ACTIVITY.
Only the lines below between the ones containing "Работа 2 Ответы" and "We hebben meteen", inclusive, are to be reproduced, each exactly as it stands.

Collection entries:

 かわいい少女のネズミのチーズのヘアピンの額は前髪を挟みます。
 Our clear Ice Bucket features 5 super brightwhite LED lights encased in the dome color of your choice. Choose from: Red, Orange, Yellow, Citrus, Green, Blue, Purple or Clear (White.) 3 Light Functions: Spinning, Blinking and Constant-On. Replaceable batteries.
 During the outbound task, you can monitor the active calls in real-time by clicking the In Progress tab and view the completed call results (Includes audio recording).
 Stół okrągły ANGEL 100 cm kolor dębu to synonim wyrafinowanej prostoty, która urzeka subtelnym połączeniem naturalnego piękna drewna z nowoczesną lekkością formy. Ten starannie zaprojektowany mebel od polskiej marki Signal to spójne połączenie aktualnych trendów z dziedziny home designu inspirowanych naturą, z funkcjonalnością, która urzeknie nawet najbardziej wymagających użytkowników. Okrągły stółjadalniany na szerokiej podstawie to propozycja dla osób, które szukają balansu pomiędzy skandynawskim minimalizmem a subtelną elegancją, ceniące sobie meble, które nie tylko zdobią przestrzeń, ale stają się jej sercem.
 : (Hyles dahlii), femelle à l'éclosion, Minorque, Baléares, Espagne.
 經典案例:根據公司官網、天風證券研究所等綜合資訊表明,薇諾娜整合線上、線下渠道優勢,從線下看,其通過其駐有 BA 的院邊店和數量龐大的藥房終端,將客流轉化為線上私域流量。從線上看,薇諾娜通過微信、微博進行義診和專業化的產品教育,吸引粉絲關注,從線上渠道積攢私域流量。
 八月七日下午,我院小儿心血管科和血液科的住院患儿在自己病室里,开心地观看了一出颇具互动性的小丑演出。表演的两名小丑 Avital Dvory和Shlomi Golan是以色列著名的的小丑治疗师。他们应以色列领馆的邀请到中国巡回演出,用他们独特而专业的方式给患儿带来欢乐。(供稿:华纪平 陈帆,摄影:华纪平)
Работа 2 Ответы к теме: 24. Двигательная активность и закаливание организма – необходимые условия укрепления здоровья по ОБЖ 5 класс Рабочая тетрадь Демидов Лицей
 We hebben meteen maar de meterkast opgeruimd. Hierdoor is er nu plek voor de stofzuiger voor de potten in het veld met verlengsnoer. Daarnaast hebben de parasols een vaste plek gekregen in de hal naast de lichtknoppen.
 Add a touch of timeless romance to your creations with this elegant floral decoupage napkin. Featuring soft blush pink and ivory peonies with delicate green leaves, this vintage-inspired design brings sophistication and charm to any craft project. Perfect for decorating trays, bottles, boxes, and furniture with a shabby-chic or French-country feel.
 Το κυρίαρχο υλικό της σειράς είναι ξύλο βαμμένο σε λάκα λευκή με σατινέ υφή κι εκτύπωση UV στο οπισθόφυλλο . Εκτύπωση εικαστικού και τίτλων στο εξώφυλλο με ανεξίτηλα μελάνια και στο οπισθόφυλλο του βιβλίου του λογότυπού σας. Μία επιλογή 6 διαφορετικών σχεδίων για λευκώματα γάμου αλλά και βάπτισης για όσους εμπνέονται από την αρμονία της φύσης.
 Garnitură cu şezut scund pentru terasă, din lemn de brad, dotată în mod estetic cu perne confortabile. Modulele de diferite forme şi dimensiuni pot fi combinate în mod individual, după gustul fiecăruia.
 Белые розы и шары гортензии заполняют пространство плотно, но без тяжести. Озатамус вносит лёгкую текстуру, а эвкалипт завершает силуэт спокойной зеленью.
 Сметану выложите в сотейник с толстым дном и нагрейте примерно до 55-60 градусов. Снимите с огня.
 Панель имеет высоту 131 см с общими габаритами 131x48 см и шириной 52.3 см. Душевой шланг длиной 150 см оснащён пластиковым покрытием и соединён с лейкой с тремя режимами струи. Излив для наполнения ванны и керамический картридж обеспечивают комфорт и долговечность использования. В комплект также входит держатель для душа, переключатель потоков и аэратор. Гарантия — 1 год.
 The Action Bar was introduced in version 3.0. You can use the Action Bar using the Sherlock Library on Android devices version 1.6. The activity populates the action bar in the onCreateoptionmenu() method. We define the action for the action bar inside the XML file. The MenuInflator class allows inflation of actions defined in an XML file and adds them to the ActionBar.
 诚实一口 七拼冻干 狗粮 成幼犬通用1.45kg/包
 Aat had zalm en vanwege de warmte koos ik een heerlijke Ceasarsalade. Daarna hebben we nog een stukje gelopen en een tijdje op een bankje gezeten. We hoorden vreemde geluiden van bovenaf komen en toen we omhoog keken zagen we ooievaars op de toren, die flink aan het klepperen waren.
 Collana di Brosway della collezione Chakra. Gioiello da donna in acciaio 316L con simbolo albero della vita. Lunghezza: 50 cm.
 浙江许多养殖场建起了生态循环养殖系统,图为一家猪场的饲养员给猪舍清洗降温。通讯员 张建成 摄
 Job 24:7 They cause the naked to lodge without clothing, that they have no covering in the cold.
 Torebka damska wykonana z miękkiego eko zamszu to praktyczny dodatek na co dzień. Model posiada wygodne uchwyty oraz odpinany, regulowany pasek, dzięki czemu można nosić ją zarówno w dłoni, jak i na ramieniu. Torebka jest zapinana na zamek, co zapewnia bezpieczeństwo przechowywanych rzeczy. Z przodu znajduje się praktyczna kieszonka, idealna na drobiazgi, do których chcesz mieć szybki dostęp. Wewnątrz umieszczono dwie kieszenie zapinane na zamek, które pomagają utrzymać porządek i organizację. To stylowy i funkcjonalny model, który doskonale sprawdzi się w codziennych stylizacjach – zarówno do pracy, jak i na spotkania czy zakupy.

SOLUTION TO THIS TASK.
Работа 2 Ответы к теме: 24. Двигательная активность и закаливание организма – необходимые условия укрепления здоровья по ОБЖ 5 класс Рабочая тетрадь Демидов Лицей
 We hebben meteen maar de meterkast opgeruimd. Hierdoor is er nu plek voor de stofzuiger voor de potten in het veld met verlengsnoer. Daarnaast hebben de parasols een vaste plek gekregen in de hal naast de lichtknoppen.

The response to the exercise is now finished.